Sacramento City College
- Former name: Sacramento Junior College
- Type: Public community college
- Established: 1916; 110 years ago
- Parent institution: Los Rios Community College District
- Accreditation: ACCJC
- President: Albert Garcia
- Students: 21,626 (Fall 2025)
- Location: Sacramento, California, United States 38°32′30″N 121°29′28″W﻿ / ﻿38.541578°N 121.491075°W
- Mascot: Panthers
- Website: scc.losrios.edu

= Sacramento City College =

Community college in Sacramento, California, US

Sacramento City College (SCC) is a public community college in Sacramento, California.
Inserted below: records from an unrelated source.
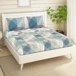 SPACES Essentials Blue Geometric Printed Cotton Super King Bedsheet Set - 274x274cm - 3Pcs
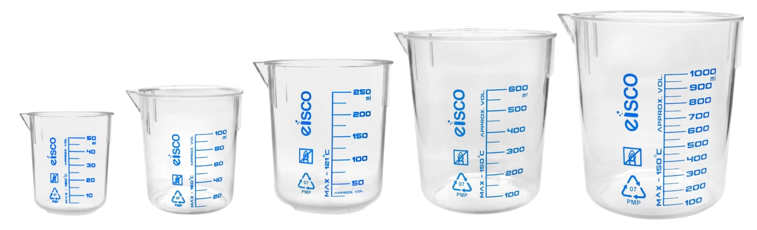 Set of 5, beakers made of high quality, heavy duty TPX Plastic. Includes one of each: 50ml, 100ml, 250ml, 600ml & 1000ml capacities. Each beaker features a non-drip spout for easy pouring. Transparent with easy to read, printed graduations and specifications.
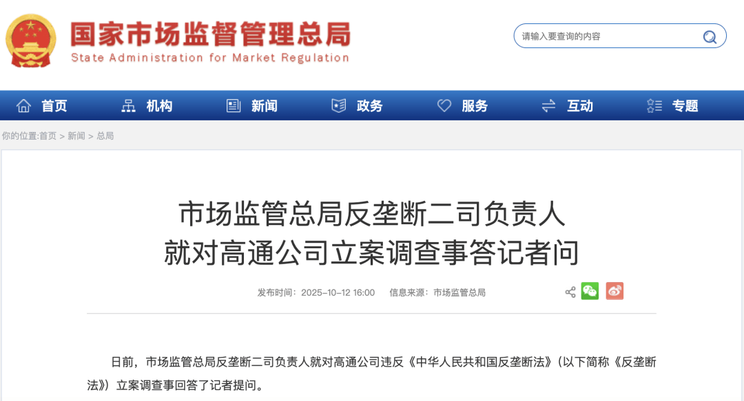 据国家市场监督管理总局今天(10月12日)消息,日前,市场监管总局反垄断二司负责人就对高通公司违反《中华人民共和国反垄断法》(以下简称《反垄断法》)立案调查事回答了记者提问。
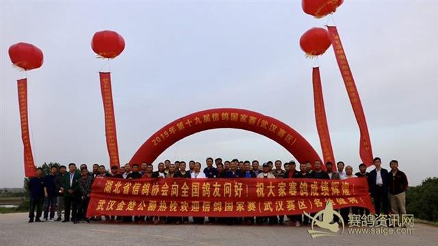 2019年5月20日早5时40分第十九届中国信鸽国家赛武汉赛区在湖北省武汉市东西湖区合丰塆成功开笼放飞。本次赛事有北京市、天津市、河北省石家庄市、河南、山东、安徽、江苏、湖南、浙江、火车头、石油等属下的共33家参赛单位。 此次赛事北京市、天津市为千公里比赛,河北省石家庄市为800公里长距离级别比赛,河南、山东、江苏、湖南、浙江等为中短距离级别比赛,本次国家赛武汉赛区共集鸽9172羽。 5月19日,各参赛单位放鸽车陆续到达赛区检录处,立即与驻守在赛区的组委会工作人员进行参赛检录手续,确保工作顺利开展。 2019年5月20月早晨5时40分,随着赛区裁判长孙炜手中的红旗向下一挥,第十九届中国信鸽国家赛武汉赛区开笼,9172羽赛鸽冲出鸽笼,展翅楚天。 司放地位于武汉市东西湖区合丰塆的河堤上,司放地坐标:北纬30度45分3秒,东经114度6分12秒。天气多云,气温20度,风向西北,风力二三级。 参加这次比赛的赛鸽大多来自北方。赛鸽出笼后未做过多盘旋便以较大群势向北而去。 武汉赛区合丰塆这一处司放点己沿用多年,其位于武汉市北部,地势相对较高,适宜放飞信鸽。 本次武汉赛区裁判长由湖北省信鸽协会副秘书长、国家级裁判孙炜担任。赛区组委会由省体育局社体中心三部主任肖华担纲,组委会中有多位国家级裁判员在各项工作中负责。东西湖区文体局和多年支持国家赛的金楚公棚老总王向召也在现场忙前忙后。 本次武汉赛区虽羽数未过万,但参赛单位涵盖了北京、天津、河北、山东、安徽、浙江、湖南、火车头、石油的三十多家单位,共有大小放飞车16台。官网派出四位记者采访了本次赛事。 以下为第十九届中国信鸽国家赛武汉赛区比赛开笼现场:
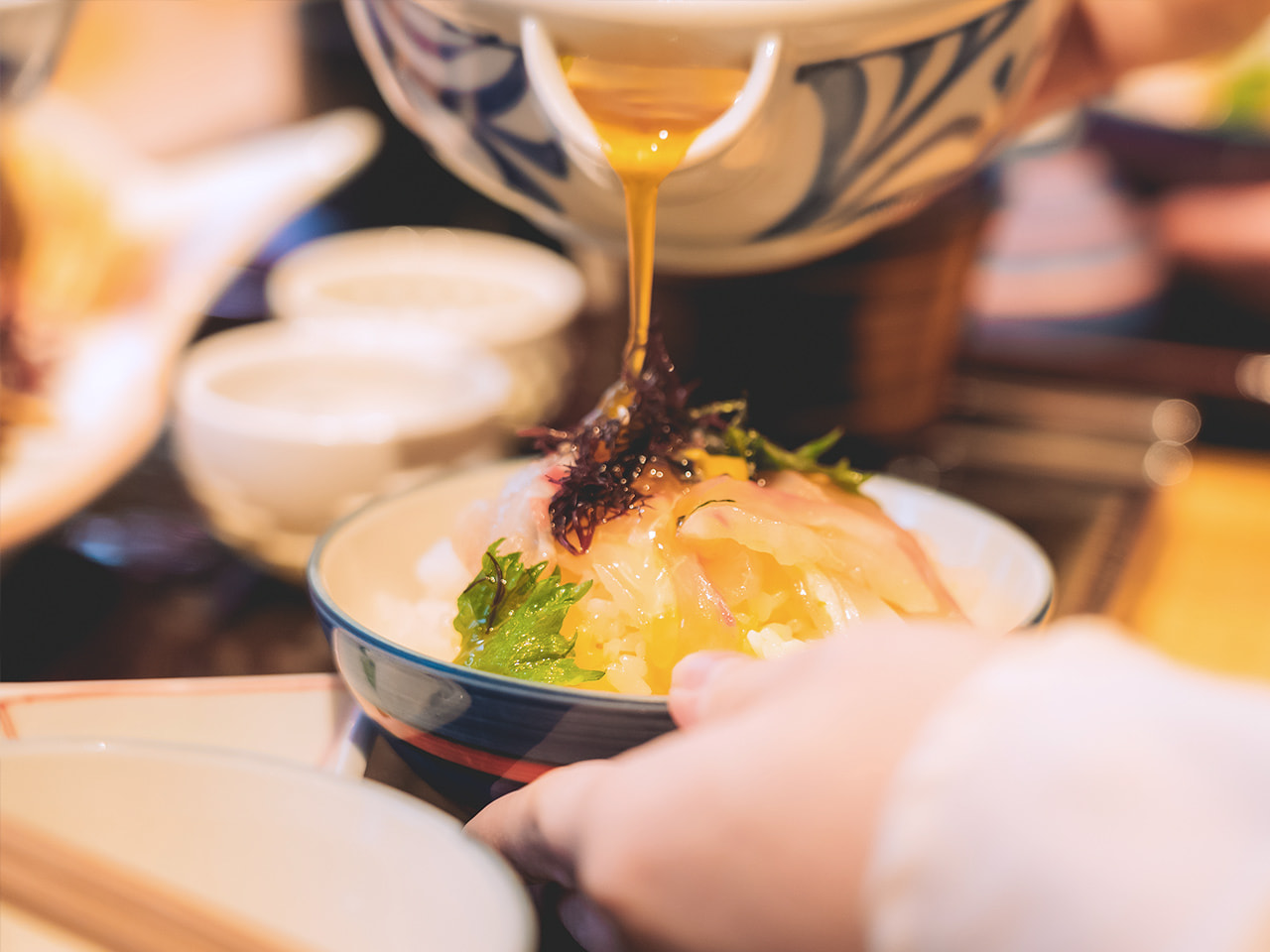 日本庭園の中にひっそりと佇み、四季折々の旬の美味と市場直送の宇和海の恵みが味わえます。庭園側に大きくとった窓越しに、日本庭園の移り行く美しい景観を望みながら、新鮮な真鯛の刺身を使用した和日輔 別邸 一押しの郷土料理「宇和島鯛めし」をじっくりと満喫できます。
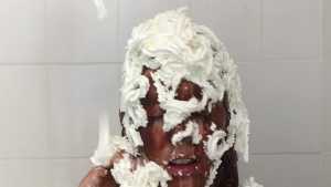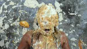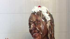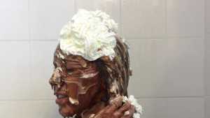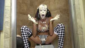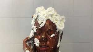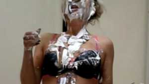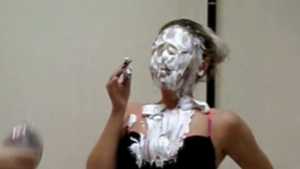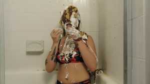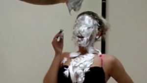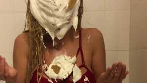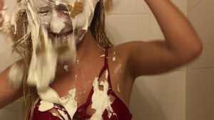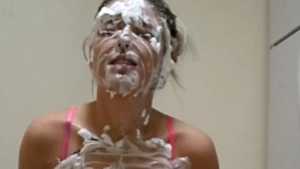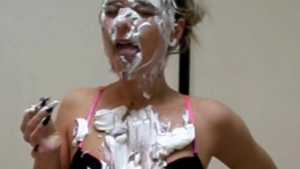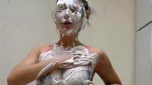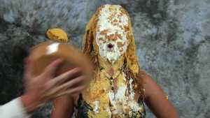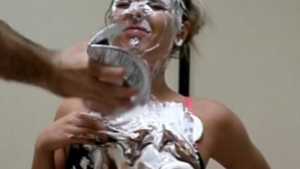 Clad in a red bikini, Sydney gets three pies in the face with real graham cracker crumb and each containing a massive container of cool whip! Then, as the finale, she gets a pie thrown at her boobs!
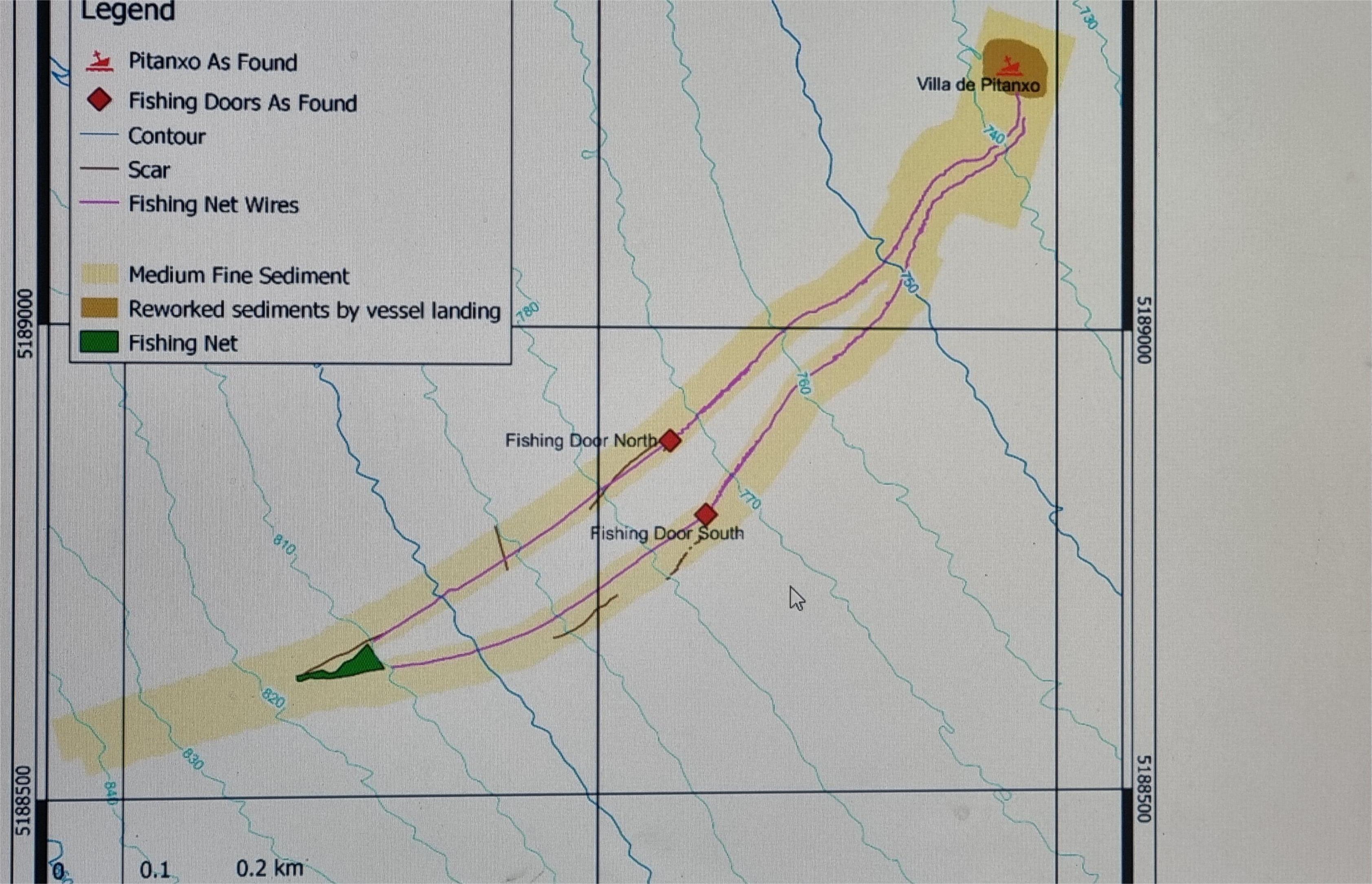 Imagen de la posición del barco y el aparejo en el fondo del mar
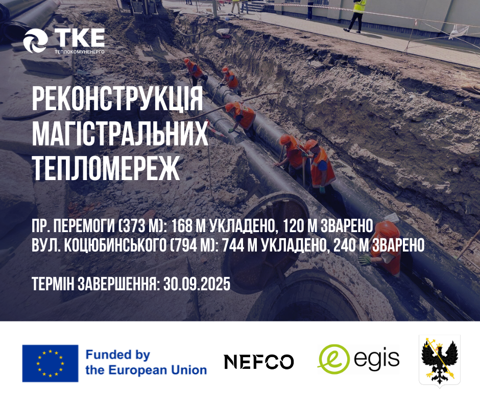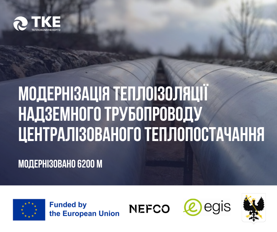 У рамках проєкту «Реконструкція трубопроводів централізованої системи теплопостачання комунального підприємства «Теплокомуненерго» Чернігівської міської ради», що фінансується Європейським Союзом за підтримки НЕФКО, що виступає програмним менеджером для Програми відбудови критичної інфраструктури – Компонент ІІ, Україна, проводиться заміна теплових магістралей із збільшенням діаметру з 478 мм до 530 мм:

SCC is part of the Los Rios Community College District and had an enrollment of 25,307 in 2009. It is accredited by the Accrediting Commission for Community and Junior Colleges (ACCJC), offering Associate in Science (A.S) and Associate in Art (A.A.) degrees.

==History==

Founded in 1916 as a department of Sacramento High School, Sacramento City College is the seventh oldest public community college in California and the oldest institution of higher learning in Sacramento.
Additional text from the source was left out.